Lorsqu’on lui demande si par « deuxième », elle fait référence à M.I.A. Les comparaisons avec la superstar britanno-Tamile peuvent sembler faciles en apparence, mais cela est davantage dû au manque d’exposition et de références aux femmes dans le domaine de la musique d’Asie du Sud-est qu’à d’actuelle similarités entre les deux artistes.

« Lorsque j’ai commencé à rapper et donner des spectacles, je travaillais avec des producteurs de musique électronique, et les comparaisons à M.I.A. ont commencé », avoue-t-elle. « Ne vous méprenez pas. Elle m’inspire beaucoup. Mais il n’était pas question pour moi d’être la prochaine M.I.A… Je voulais proposer quelque chose d’original, quelque chose qui représente mon propre parcours. »

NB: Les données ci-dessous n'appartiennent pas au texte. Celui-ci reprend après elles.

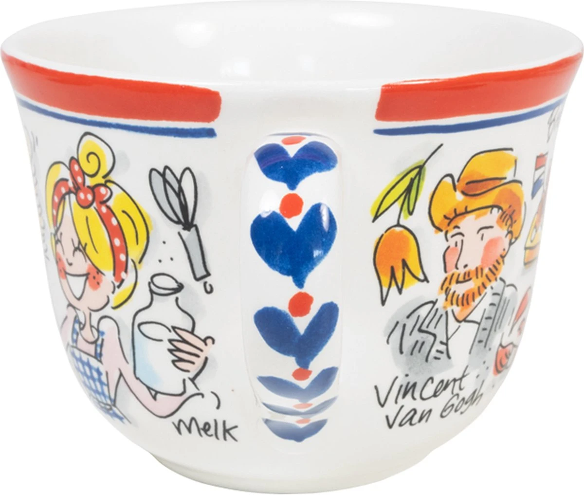 We love Holland! De nieuwe Hollands Glorie lijn van Blond Amsterdam is vormgegeven in frisse rood/wit/blauwe tinten en voorzien van typisch Hollandse illustraties.Op deze soepkom staan o.a. illustraties van Vincent van Gogh, pannenkoeken en klompen.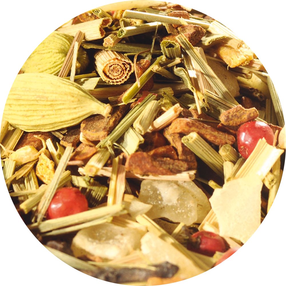 Zimtstücke (35%), Zitronengras, Kokosnusschips, Ananasstücke (Ananas, Zucker, Säuerungsmittel: Zitronensäure), Ingwer, Kardamom, Rosa Pfeffer, Gewürznelken, Schwarzer Pfeffer, natürliches Limetten-Aroma, Aroma.

Et c’est ainsi qu’est né son désir ardent de créer sa Scrap Army. Inspirée par ses spectacles au Pakistan, Khan vient d’entreprendre la création du EP qui succèdera à Rock Khan Roll, paru en 2015. Ce disque s’adressera directement à son nouvel auditoire pakistanais avec du matériel en anglais et en urdu. Elle collabore de nouveau avec Huizenga pour la création et la réalisation (il est également guitariste dans son groupe de scène), et elle a également travaillé avec l’auteur-compositeur pakistanais de renom Sohail Rama, qui est maintenant établi à Mississauga. Lorsque la création sera terminée, elle retournera au Pakistan où elle entend non seulement donner d’autres spectacles, mais également mettre sur pied une série de concerts visant à encourager les groupes punk et rock avec des leaders féminines.